DATA
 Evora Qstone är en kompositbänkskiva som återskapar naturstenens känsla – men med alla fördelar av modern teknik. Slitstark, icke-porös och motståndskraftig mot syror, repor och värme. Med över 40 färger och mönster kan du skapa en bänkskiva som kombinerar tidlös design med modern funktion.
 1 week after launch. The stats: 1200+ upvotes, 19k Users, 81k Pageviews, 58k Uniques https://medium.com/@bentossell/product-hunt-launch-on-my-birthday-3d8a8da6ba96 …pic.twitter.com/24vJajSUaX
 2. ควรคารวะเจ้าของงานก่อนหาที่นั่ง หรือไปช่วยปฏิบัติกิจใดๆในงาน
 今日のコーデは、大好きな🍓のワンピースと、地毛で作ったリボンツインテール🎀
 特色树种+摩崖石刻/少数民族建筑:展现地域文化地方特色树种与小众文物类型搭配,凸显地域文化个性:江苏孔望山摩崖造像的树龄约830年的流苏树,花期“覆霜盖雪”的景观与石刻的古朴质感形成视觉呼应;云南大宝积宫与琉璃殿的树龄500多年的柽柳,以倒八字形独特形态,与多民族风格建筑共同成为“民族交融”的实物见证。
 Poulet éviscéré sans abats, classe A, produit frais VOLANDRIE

EXERCISE AIM
Output the line containing "特色树种+摩崖石刻/少数民族" together with all later lines of the entries, exactly as written, through the final line.

TASK RESPONSE
 特色树种+摩崖石刻/少数民族建筑:展现地域文化地方特色树种与小众文物类型搭配,凸显地域文化个性:江苏孔望山摩崖造像的树龄约830年的流苏树,花期“覆霜盖雪”的景观与石刻的古朴质感形成视觉呼应;云南大宝积宫与琉璃殿的树龄500多年的柽柳,以倒八字形独特形态,与多民族风格建筑共同成为“民族交融”的实物见证。
 Poulet éviscéré sans abats, classe A, produit frais VOLANDRIE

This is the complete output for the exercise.